----- Dataset -----
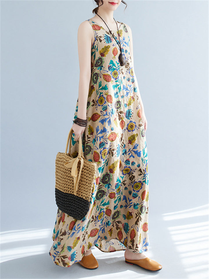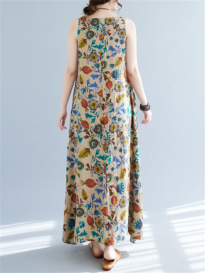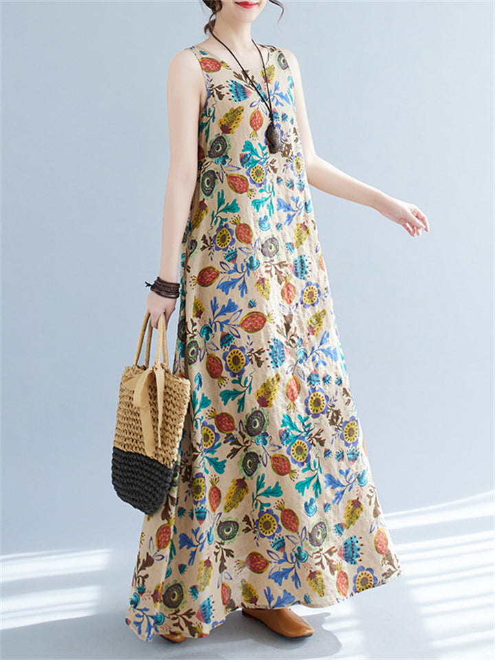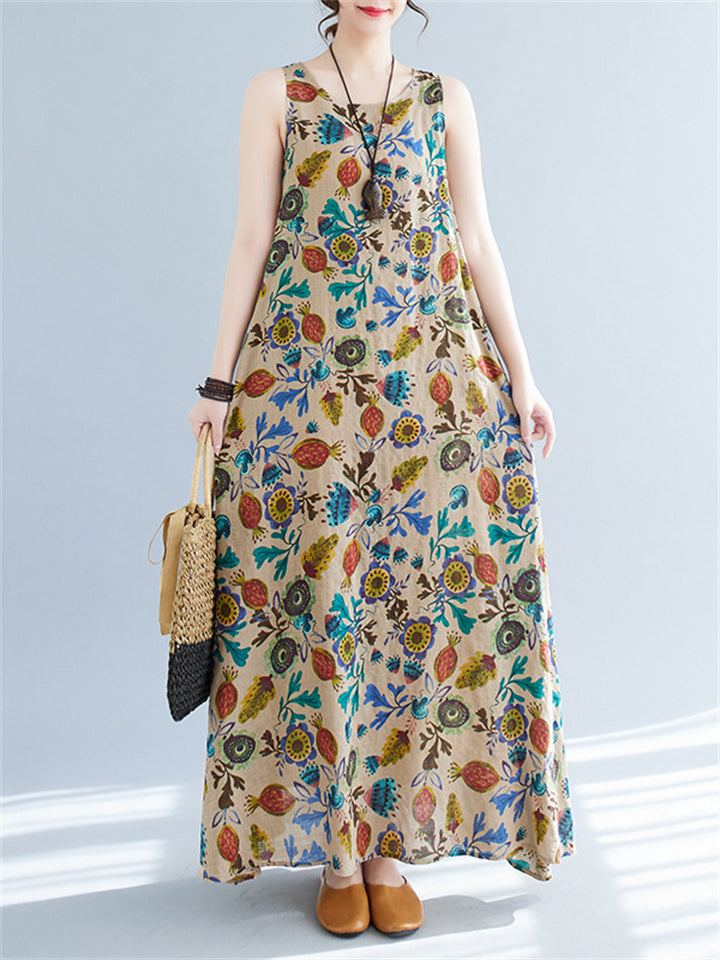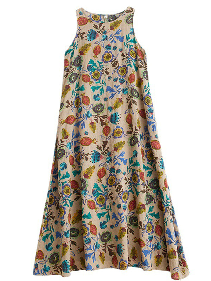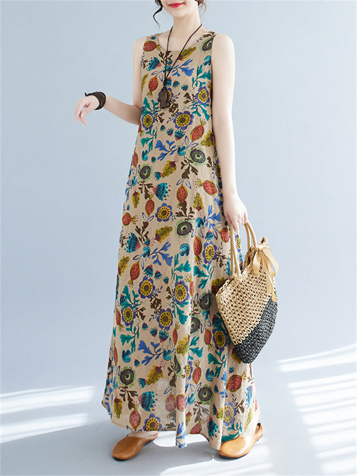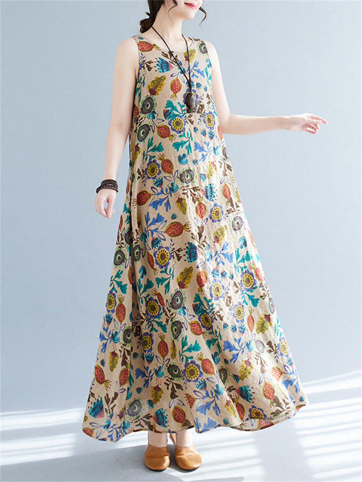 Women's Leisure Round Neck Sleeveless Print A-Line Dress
-----
----- Dataset -----
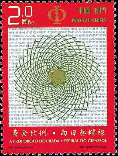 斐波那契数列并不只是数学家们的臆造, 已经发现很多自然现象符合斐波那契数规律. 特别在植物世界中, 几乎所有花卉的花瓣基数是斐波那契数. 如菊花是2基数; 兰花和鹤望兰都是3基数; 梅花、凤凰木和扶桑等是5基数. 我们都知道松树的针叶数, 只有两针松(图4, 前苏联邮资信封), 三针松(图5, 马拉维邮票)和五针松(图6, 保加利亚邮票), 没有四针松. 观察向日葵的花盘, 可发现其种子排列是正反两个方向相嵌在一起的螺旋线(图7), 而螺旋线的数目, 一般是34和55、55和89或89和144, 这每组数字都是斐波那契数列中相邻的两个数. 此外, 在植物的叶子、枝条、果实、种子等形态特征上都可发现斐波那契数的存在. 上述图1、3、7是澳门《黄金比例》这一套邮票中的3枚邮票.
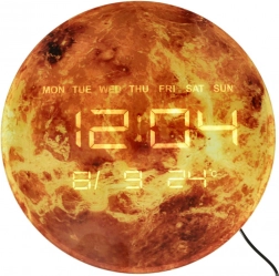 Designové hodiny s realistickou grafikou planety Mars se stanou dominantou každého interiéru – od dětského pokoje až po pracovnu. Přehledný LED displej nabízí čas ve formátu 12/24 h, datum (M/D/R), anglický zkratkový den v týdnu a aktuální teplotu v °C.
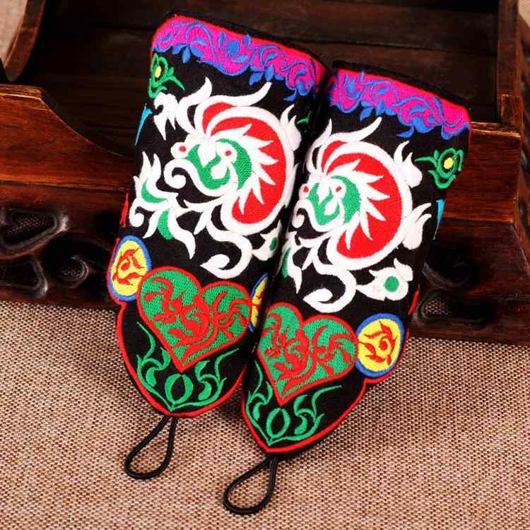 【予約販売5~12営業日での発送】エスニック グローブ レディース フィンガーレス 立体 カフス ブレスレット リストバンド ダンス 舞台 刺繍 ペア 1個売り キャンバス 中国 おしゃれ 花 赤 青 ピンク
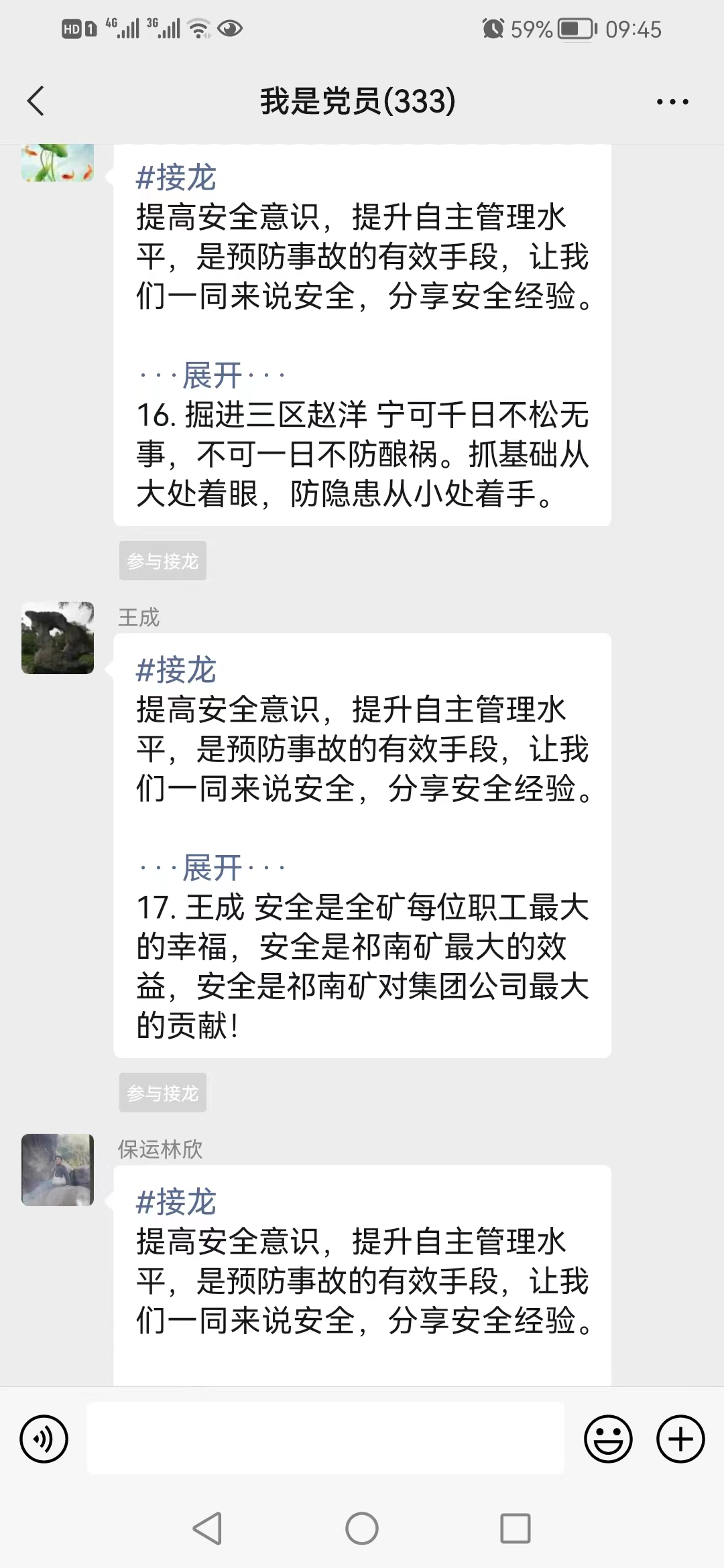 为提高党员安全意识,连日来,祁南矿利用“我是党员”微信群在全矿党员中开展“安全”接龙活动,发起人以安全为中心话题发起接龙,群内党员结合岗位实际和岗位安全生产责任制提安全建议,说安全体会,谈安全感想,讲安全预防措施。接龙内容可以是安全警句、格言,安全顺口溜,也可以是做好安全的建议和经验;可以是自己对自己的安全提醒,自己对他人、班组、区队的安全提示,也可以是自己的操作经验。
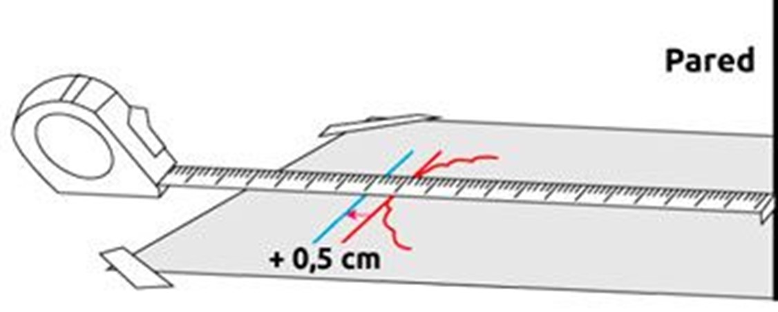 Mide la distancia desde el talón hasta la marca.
-----
----- Dataset -----
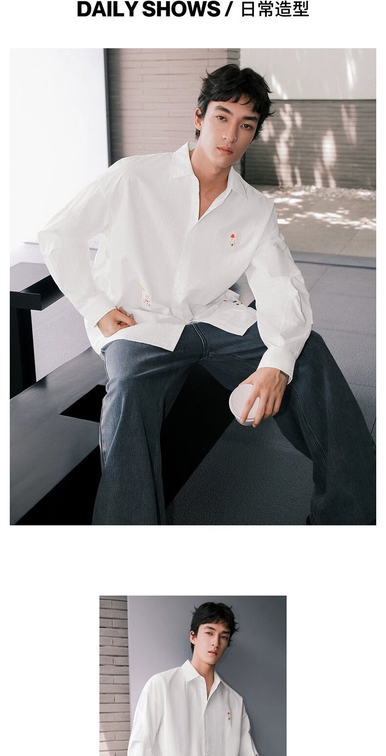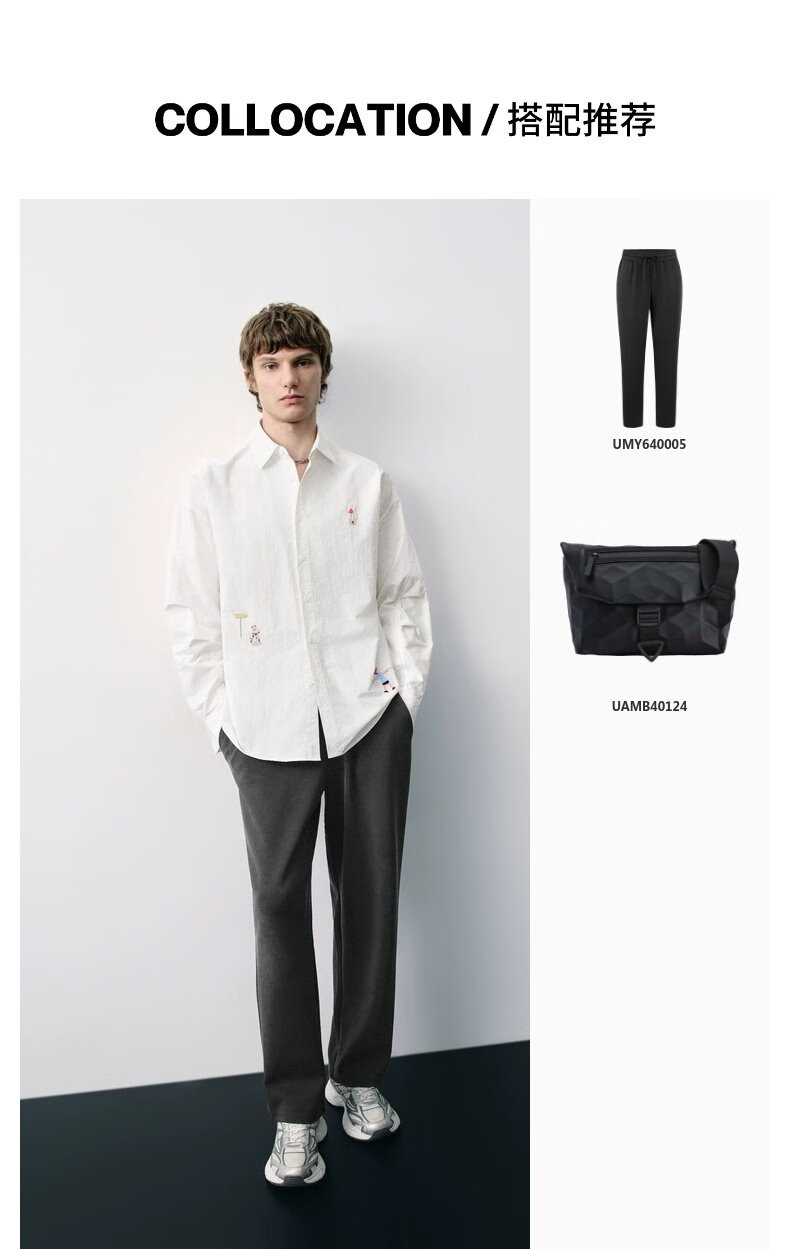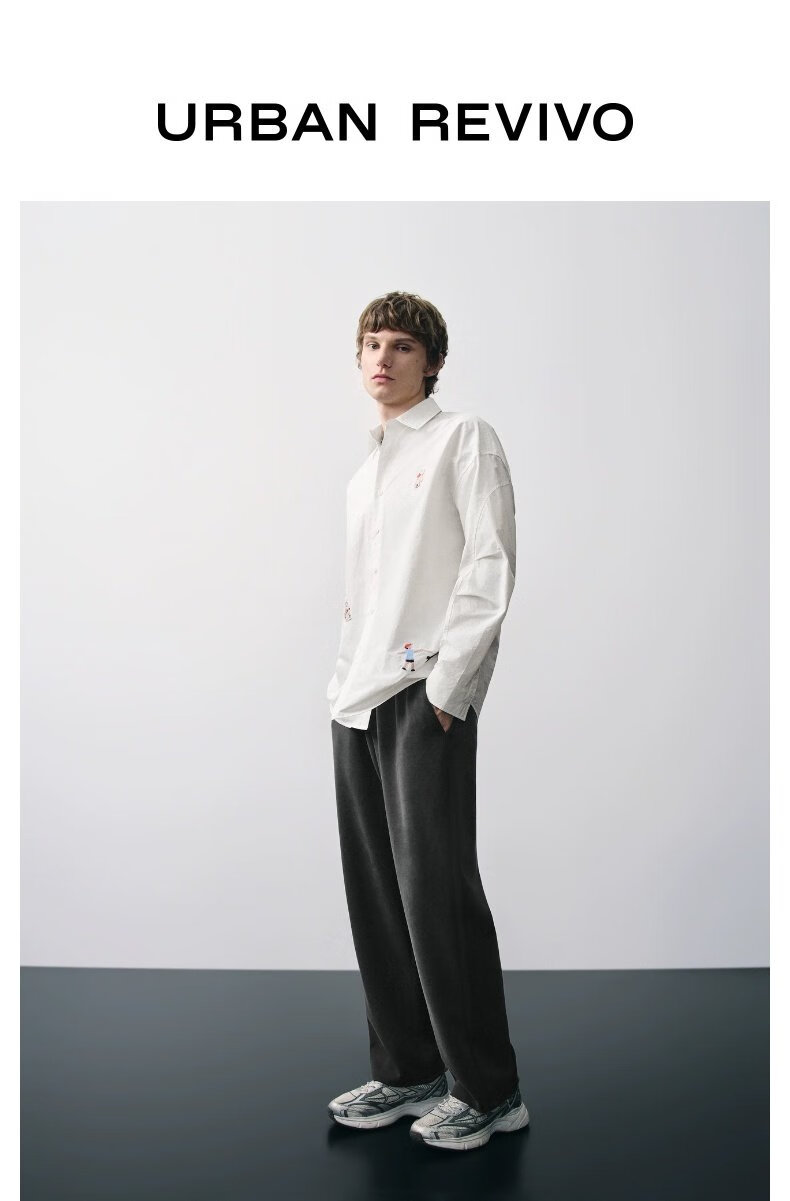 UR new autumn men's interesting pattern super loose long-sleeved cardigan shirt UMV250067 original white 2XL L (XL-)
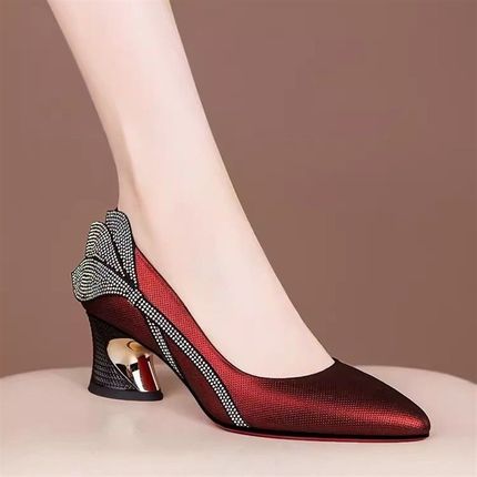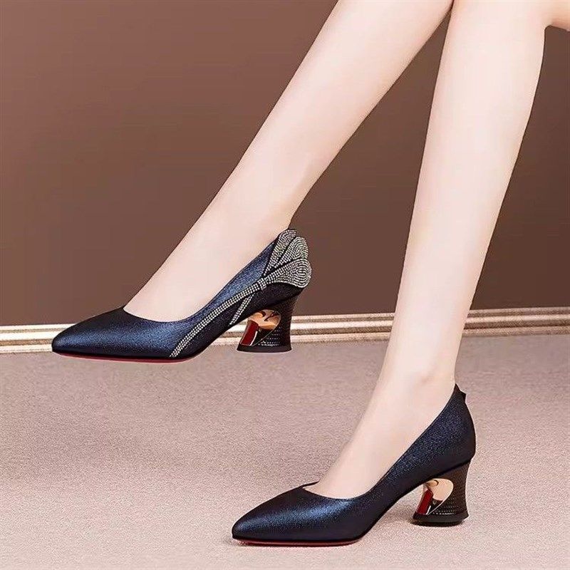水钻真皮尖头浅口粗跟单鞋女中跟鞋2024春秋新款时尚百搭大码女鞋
-----
» **Exercise details**:
Look through the material above. Transcribe exactly the lines between the ones with "UR new autumn" and "水钻真皮尖头浅口粗跟单鞋女中跟鞋2024春秋新款时尚百搭大码女鞋", inclusive, and keep pictures out.

» **Solution to this exercise**:
 UR new autumn men's interesting pattern super loose long-sleeved cardigan shirt UMV250067 original white 2XL L (XL-)
水钻真皮尖头浅口粗跟单鞋女中跟鞋2024春秋新款时尚百搭大码女鞋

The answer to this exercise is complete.